CancerMIRNome is equipped with well-designed functions which can perform comprehensive dataset-level analysis of cancer miRNome for each of the 33 TCGA projects (Figure 1), including:

(1) Identification of highly expressed miRNAs

(2) DE analysis between two user-defined subgroups

(3) ROC analysis between tumor and normal samples

(4) Selection of diagnostic miRNA markers

(5) Principal component analysis

(6) Identification of prognostic miRNA biomarkers and construction of prognostic models

Figure 1. Overview of TCGA cancer miRNome analysis

2. Summary of the TCGA Project

When a TCGA project is selected, the summary of important clinical features of patients in this dataset, including sample type, tumor stages, ages, and overall survival will be displayed (Figure 2).

Figure 2. Summary of the TCGA project

3. Highly Expressed miRNAs

miRNAs with counts per million (CPM) greater than 1 in more than 50% of the samples in a TCGA project of interest are reported as highly expressed miRNAs. The miRNAs are ranked by the median expression values and the top 50 of the highly expressed miRNAs are visualized with a bar plot (Figure 3).

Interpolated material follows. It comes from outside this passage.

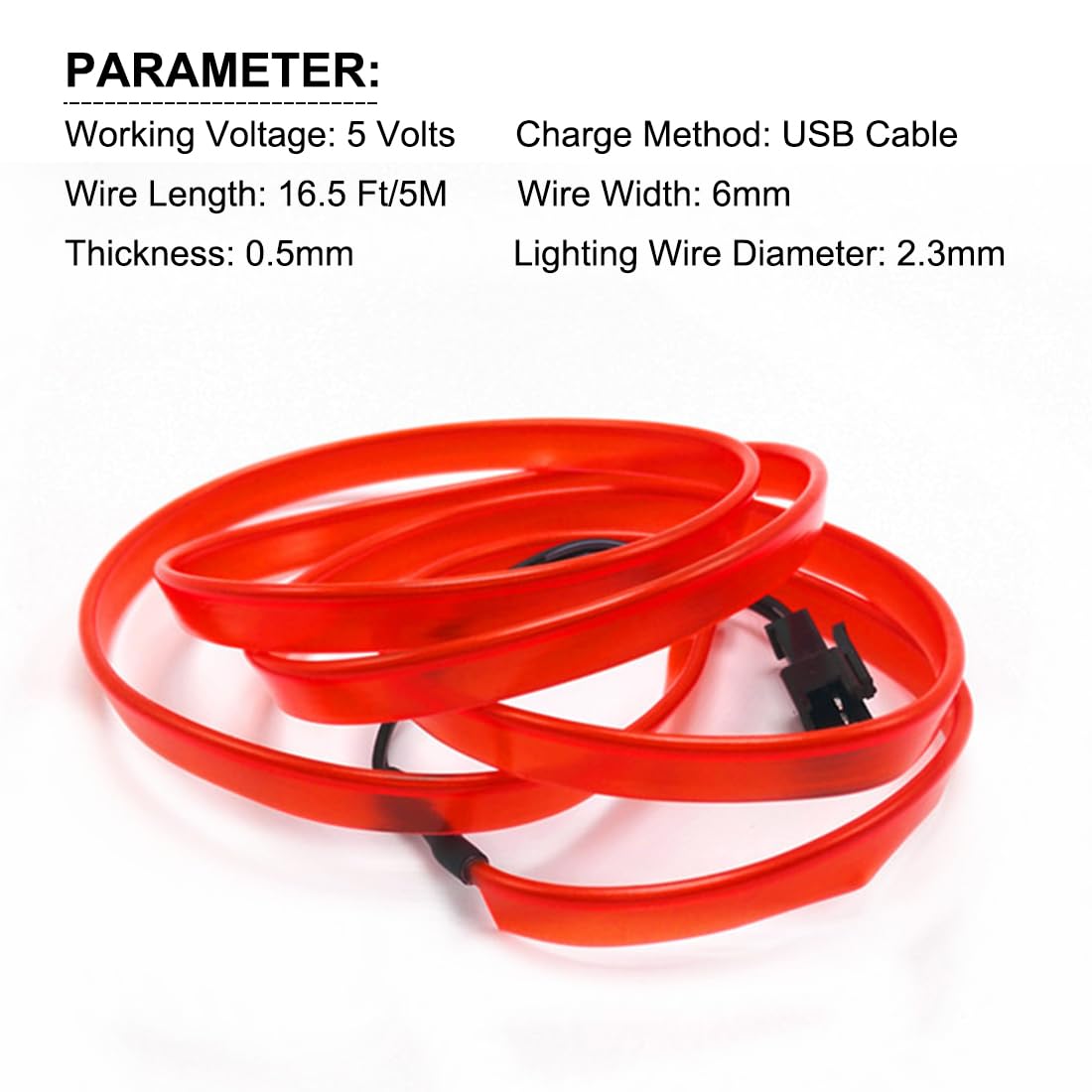Flexible EL Wire: Neon rope light is about 5m/16.5ft long; Wire-Diameter: 2.3mm; Sewing Edge: 6mm, Neon Electroluminescent (EL) Wire, flexible and water resistant, easy to install, can be bent into any shape and cut into any length (you need to seal the new end).

Figure 3. Identification of highly expressed miRNAs

4. Diffentially Expressed miRNAs

The DE analysis of highly expressed miRNAs at the dataset-level allows users to identify miRNAs that are differentially expressed between two user-defined subgroups in a TCGA project.

Metadata, including sample type, tumor stages, gender, and etc., may be used to group the samples. For examples, the DE analysis can be performed not only between tumor and normal samples, but also between patients at early and late tumor stages.

Both limma [1] and wilcoxon rank-sum test are used for the identification of differentially expressed miRNAs (Figure 3).

Figure 4. Identification of differentially expressed miRNAs

5. ROC Analysis

The ROC analysis is carried out to screen the highly expressed miRNAs in a selected TCGA dataset for the diagnostic biomarkers that can distinguish tumor samples from normal samples. All the miRNAs are ranked in a data table based on their AUC values (Figure 5).

Figure 5. ROC analysis to identify diagnostic biomarkers

6. Feature Selection

The least absolute shrinkage and selection operator (LASSO) [2], a machine-learning method, can be used to analyse the entire set of miRNAs in a selected TCGA project for the identification of disgnostic miRNAs, and use the miRNA signature to develop a classification model for differentiating tumor and normal samples (Figure 6).

Figure 6. Identification of disgnostic miRNAs using LASSO

7. Principal Component Analysis

Principal component analysis can be utilized to analyse the highly expressed miRNAs in a selected TCGA project such that all patient samples, including tumor and/or normal samples, may be visualized in a 2D and 3D interactive plot using the first two and three principal components, respectively (Figure 7).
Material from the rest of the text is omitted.